Citation: Bulletin of the American Meteorological Society 102, 9; 10.1175/BAMS-D-20-0186.1

When aggregated over the CSU-MLP regions (shown in Fig. 1), updates to the CSU-MLP version improved skill on day 2 across most regions (Fig. 7). However, three regions were notable exceptions: the SW, ROCK, and NGP, in which the original 2017 version was found to have the most skill. These results represent a paradox, as these were the regions identified as having unrealistic high biases in both subjective and objective evaluation (Fig. 3a).

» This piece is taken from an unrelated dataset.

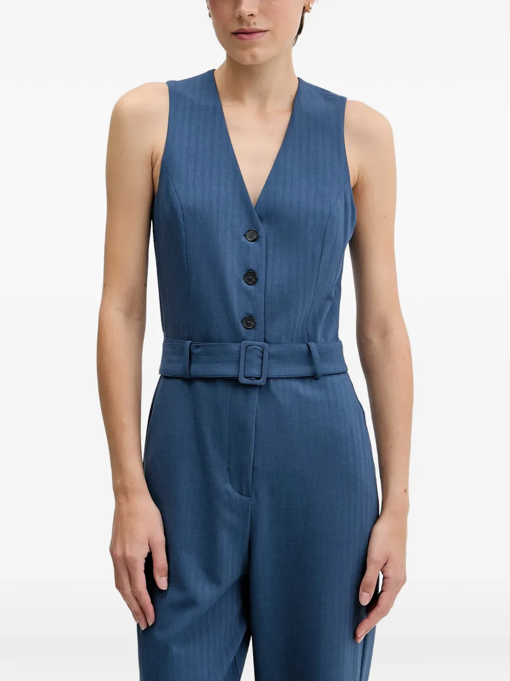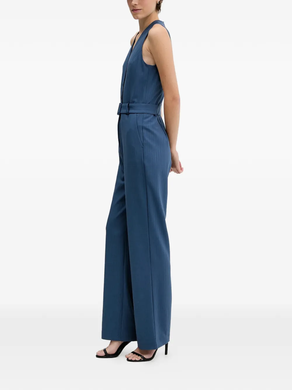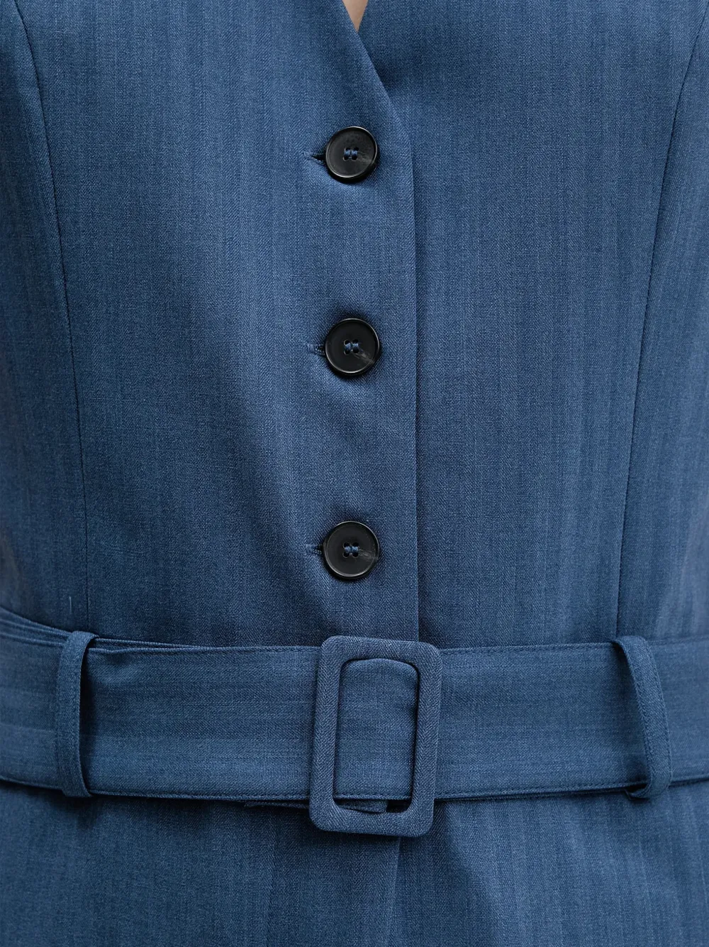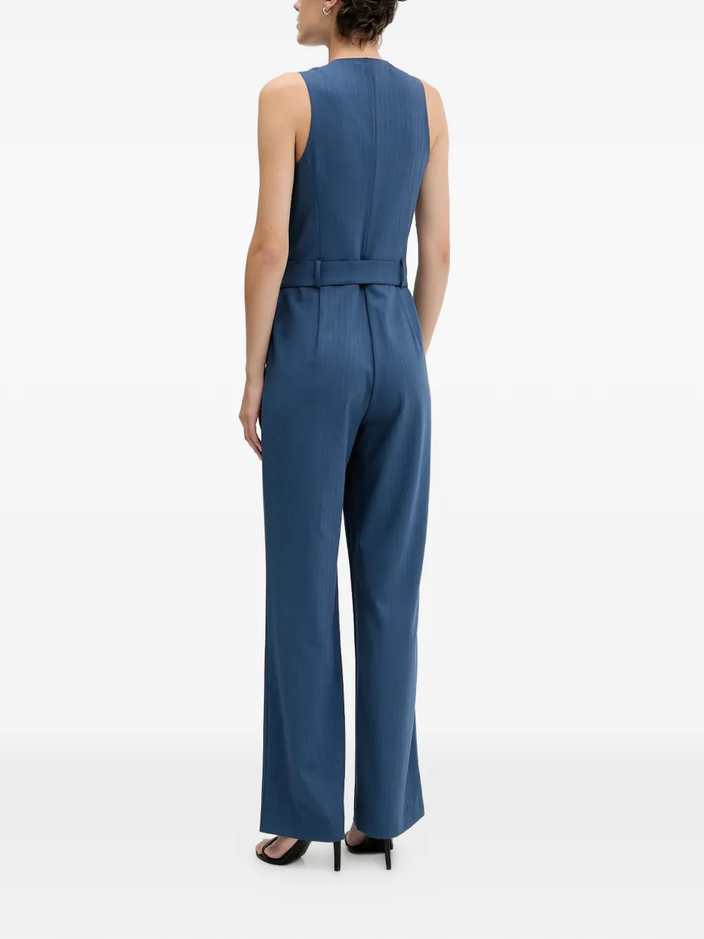 Синий комбинезон с V-образным вырезом, без рукавов, на пуговицах, с поясом на талии и широкими штанинами

In other words, it seems that those high probability biases actually benefited that version in terms of forecast skill when using the UFVS as “truth.” It is possible that some of the same issues with defining excessive rainfall in these regions that affected the training of machine-learning models also appear in the UFVS. These are important challenges to address in future work.

Fig. 7.
Fig. 7.

BSS comparison of ERO and CSU-MLP versions for day-2 forecasts, aggregated by region (see Fig. 1 for region definitions). Uncertainty (black lines) is calculated using 100 bootstrap samples of the probabilistic forecast contingency table; the 2.5th–97.5th-percentile values are shown.

Citation: Bulletin of the American Meteorological Society 102, 9; 10.1175/BAMS-D-20-0186.1

Subjective evaluation.

In addition to the evaluation discussed above, CSU-MLP forecasts have been evaluated subjectively by participants in the FFaIR experiments from 2017 to 2020. The FFaIR final reports (Perfater and Albright 2017; Albright and Perfater 2018; Trojniak and Albright 2019; Trojniak et al. 2020) include quantitative subjective evaluations, but the method (and the CSU-MLP products being evaluated) varied from year to year, so it is difficult to draw meaningful information about forecast improvements from those results. Thus, we focus here on summarizing the written comments from those reports.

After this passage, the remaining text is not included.